Monday, May 22, 2017

Dorthy Johnson

Largely because of the activities of the now defunct Aryan Nations, there is a lingering perception nationally that Idaho is not a place that welcomes diversity. Statistically, it is not a very diverse state. According to the Census Bureau, African-Americans made up just .06% of the state during the most recent census in 2010. It was about the same in 1964, when an African-American woman from Pocatello was chosen as Miss Idaho.
Yes, right in the middle of the civil rights movement, Idaho sent a woman of color to the Miss USA pageant. Nineteen-year-old Dorthy Johnson was not the first African-American woman to compete in the pageant.
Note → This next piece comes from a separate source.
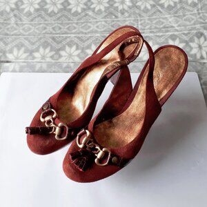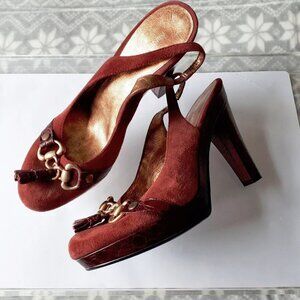 EUC Nine West maroon burgundy suede open back heeled platform shoe

That distinction went to Corinne Huff who served as an alternate for Miss Ohio in 1960. But Johnson was the first African-American semi-finalist in the pageant.
There have since been six African-American winners of the pageant, since. The first was Carole Gist, Miss Michigan, in 1990.
Idaho’s Dorthy Johnson would go on to become an award-winning educator. She was the Los Angeles Reading Association’s Teacher of the Year in 1992, listed in Who’s Who Among America’s Teachers, and nominated for the Disney Teacher of the Year Award in 2002. Dorthy Johnson LeVels passed away in the town where she was born, Pocatello, in April 2017.